1. Acetylcholine produced end-plate

1. Acetylcholine produced end-plate current (e.p.c.) noise is shown to be the results of statistical fluctuations in the ionic conductance of voltage clamped end-plates of Rana pipiens.

2. These e.p.c. fluctuations are characterized by their e.p.c. spectra which conform to a relation predicted from a simple model of end-plate channel gating behaviour.

3. The rate constant of channel closing α is determined from e.p.c. spectra and is found to depend on membrane potential V according to the relation α = BeAV (B = 0·17 msec−1±0·04 s.e., A = 0·0058 mV−1±0·0009 s.e. at 8° C) and to vary with temperature T with a Q10 = 2·77, at −70 mV. A and B in this expression both vary with T and therefore produce a membrane potential dependent Q10 for α.

4. Nerve-evoked e.p.c.s and spontaneous miniature e.p.c.s decay exponentially in time with a rate constant which depends exponentially on V. The magnitude and voltage dependence of this decay constant is exactly that found from e.p.c. spectra for the channel closing rate α.

5. The conductance γ of a single open end-plate channel has been estimated from e.p.c. spectra and is found not to be detectibly dependent on membrane potential, temperature and mean end-plate current. γ = 0·32±0·0045 ( s.e.) × 10−10 mhos. Some variation in values for γ occurs from muscle to muscle.
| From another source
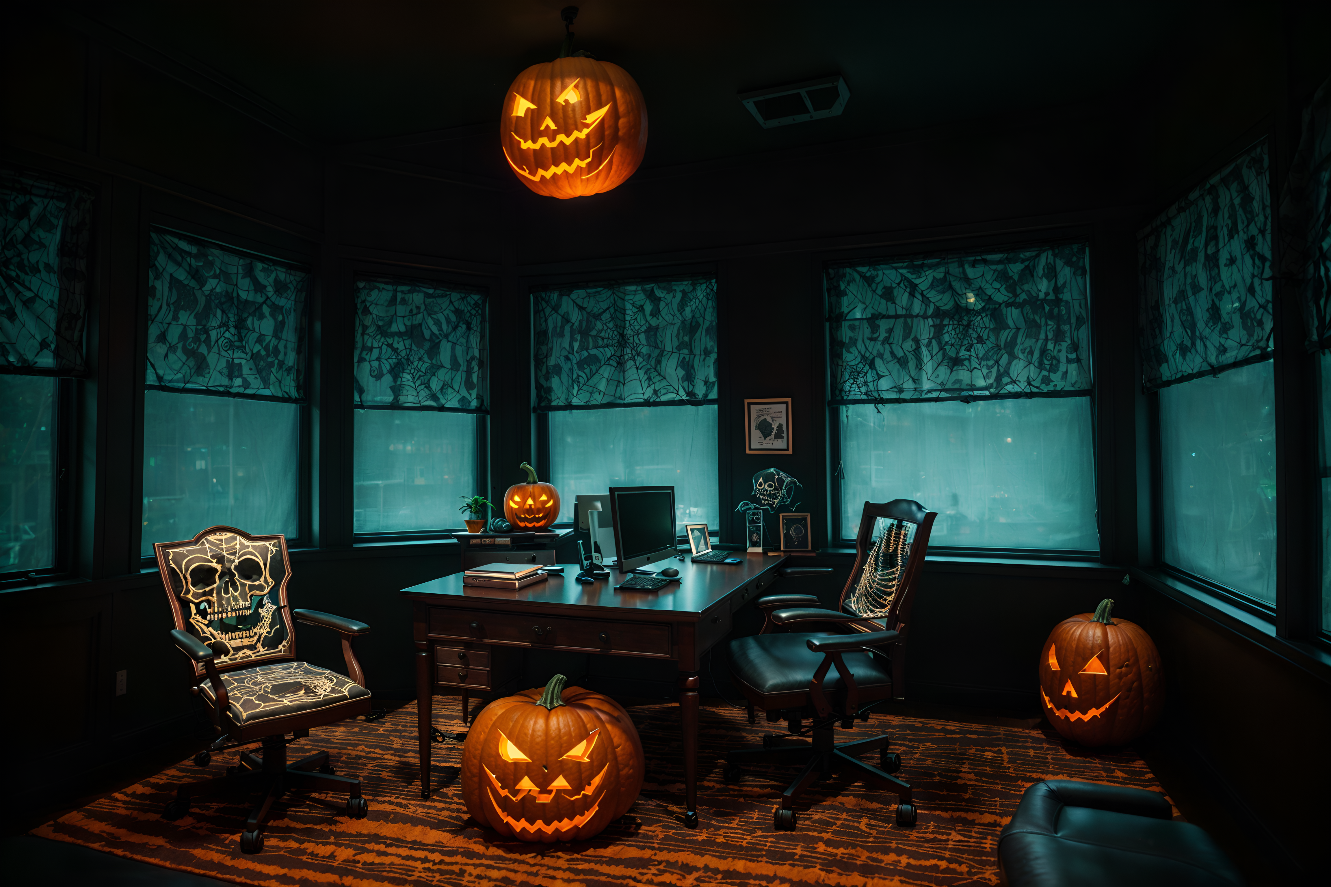 photo from pinterest of halloween-style interior designed (office interior) with office chairs and computer desks and windows and cabinets and lounge chairs and desk lamps and office desks and plants. . with glowing pumpkins and cobwebs and lanterns and human skulls and lanterns and skeletons sitting and standing and spiderwebs and cobwebs. . cinematic photo, highly detailed, cinematic lighting, ultra-detailed, ultrarealistic, photorealism, 8k. trending on pinterest. halloween interior design style. masterpiece, cinematic light, ultrarealistic+, photorealistic+, 8k, raw photo, realistic, sharp focus on eyes, (symmetrical eyes), (intact eyes), hyperrealistic, highest quality, best quality, , highly detailed, masterpiece, best quality, extremely detailed 8k wallpaper, masterpiece, best quality, ultra-detailed, best shadow, detailed background, detailed face, detailed eyes, high contrast, best illumination, detailed face, dulux, caustic, dynamic angle, detailed glow. dramatic lighting. highly detailed, insanely detailed hair, symmetrical, intricate details, professionally retouched, 8k high definition. strong bokeh. award winning photo.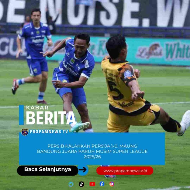 Bandung, // PropamNewstv.id – PERSIB Bandung memastikan diri sebagai juara paruh musim Super League 2025/26 setelah menaklukkan Persija Jakarta dengan skor 1-0 pada laga pekan ke-17 di Stadion Gelora Bandung Lautan Api (GBLA), Minggu, 11 Januari 2026.

6. It is concluded that the relaxation kinetics of open ACh sensitive ionic channels is the rate limiting step in the decay of synaptic current and that this channel closing has a single time constant. The relaxation rate is independent of how it is estimated (ACh produced e.p.c. fluctuations, e.p.c., m.e.p.c.), and is consistent with the hypothesis that individual ionic channels open rapidly to a specific conductance which remains constant for an exponentially distributed duration.

7. The voltage and temperature dependence of the channel closing rate constant agree with the predictions of a simple dipole-conformation change model.